Then run RPC process like this:

######################################
#                   Run RPC Processes                   #
######################################
config = 'google/vit-base-patch16-224'
num_layers = 12

num_batches = 1
batch_size = 256

img = torch.randn(3, 384, 384)
imgs = [img for i in range(batch_size)]

feature_extractor = ViTFeatureExtractor.from_pretrained(config)
def run_master(split_size):
    # put the two model parts on worker1 and worker2 respectively
    print("Run mastering \n")
    for si in range(len(split_size)):
        model = DistViT(split_size[si], ["worker0", "worker1"], config, num_layers)
        inputs = feature_extractor(images=imgs, return_tensors="pt")
        for i in range(num_batches):
            # generate random inputs and labels       
            outputs = model(**inputs)


def run_worker(rank, world_size, num_split):
     # run on local host
    os.environ['MASTER_ADDR'] = '127.0.0.1'
    os.environ['MASTER_PORT'] = '29501'

    # Higher timeout is added to accommodate for kernel compilation time in case of ROCm.
    options = rpc.TensorPipeRpcBackendOptions(num_worker_threads=256,rpc_timeout=3000)

    if rank == 0:
        rpc.init_rpc(
            "worker0",
            rank=rank,
            world_size=world_size,
            rpc_backend_options=options
        )
        run_master(num_split)
    else:
        rpc.init_rpc(
            "worker1",
            rank=rank,
            world_size=world_size,
            rpc_backend_options=options
        )
        pass

    rpc.shutdown()

The main function:

if __name__=="__main__":
    world_size = 2
    rank=int(sys.argv[1])
    num_split=[8]

    print(f"{config}, {num_layers}, {num_split}")
    
    tik = time.time()
    run_worker(rank, world_size, num_split)
    tok = time.time()
    print(f"Total program execution time = {tok - tik}")

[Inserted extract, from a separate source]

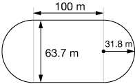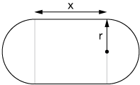 Now the perimeter of the field is the distance around the oval. It consists of two segments of length x, and the perimeter of a circle of radius r, p = 2πr (the circle is split, one side on each end). So the perimeter is
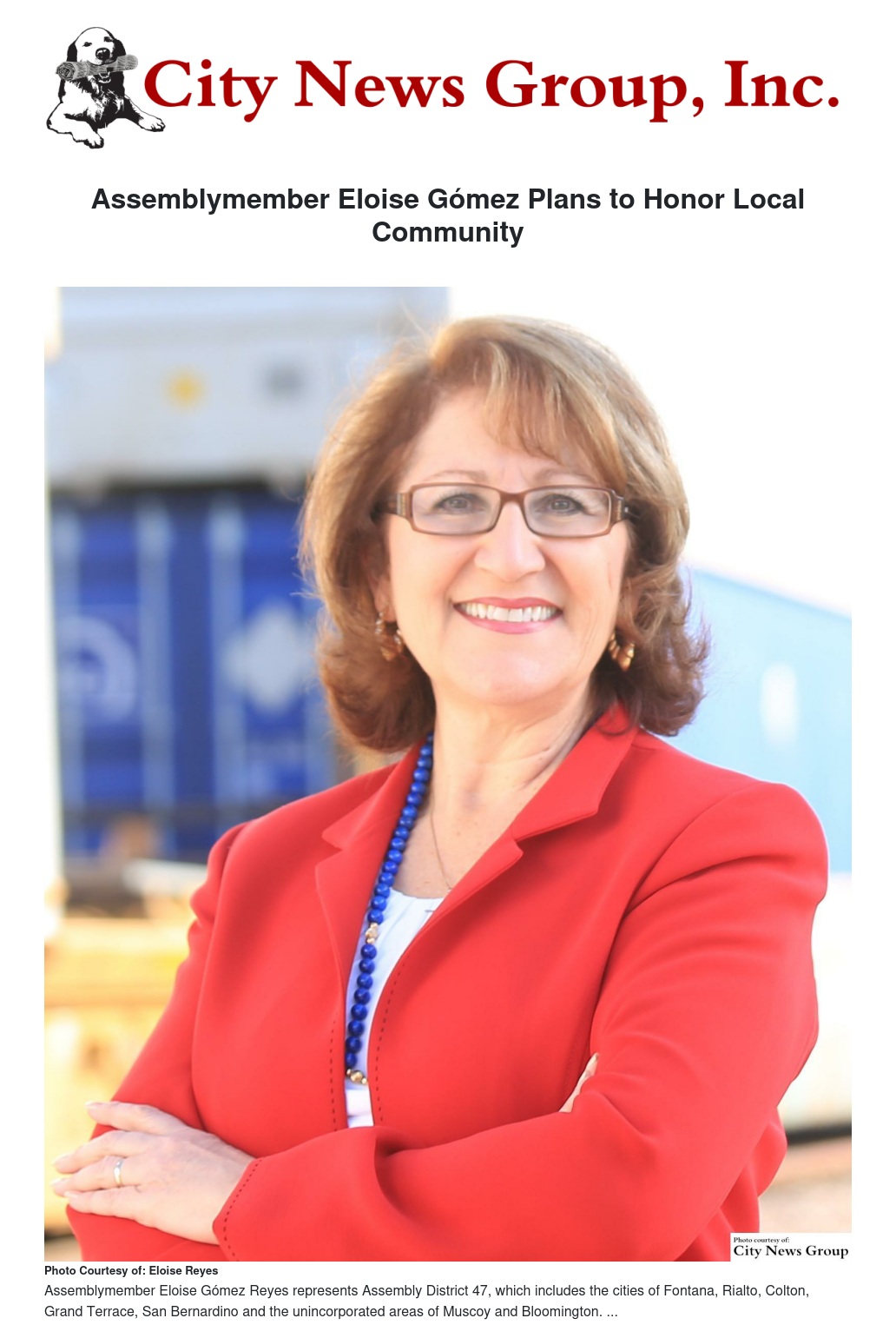 Assemblymember Eloise Gómez Reyes represents Assembly District 47, which includes the cities of Fontana, Rialto, Colton, Grand Terrace, San Bernardino and the unincorporated areas of Muscoy and Bloomington.

It needs to import transformers package with the command:

pip install transformers

The whole script is uploaded in ubuntu pastebin

I run it on my macOS with PyTorch 1.8.1 CPU-only, the running command is like this:
on the first terminal:

python pipeline_parallelism.py 0

on the second terminal:

python pipeline_parallelism.py 1

I use top command to check the memory usage, and after each forward, the memory increases about 3MB until OOM or the RPC shutdown. Could anyone help me to fix or find the problem? Thank you very much!

This looks interesting!

I think firs you need to limit the debugging scope. For example, if you change the microbatch size to 1, will it still cause memory leak? If so, then the issue at least is not microbatching in pipeline parallelism.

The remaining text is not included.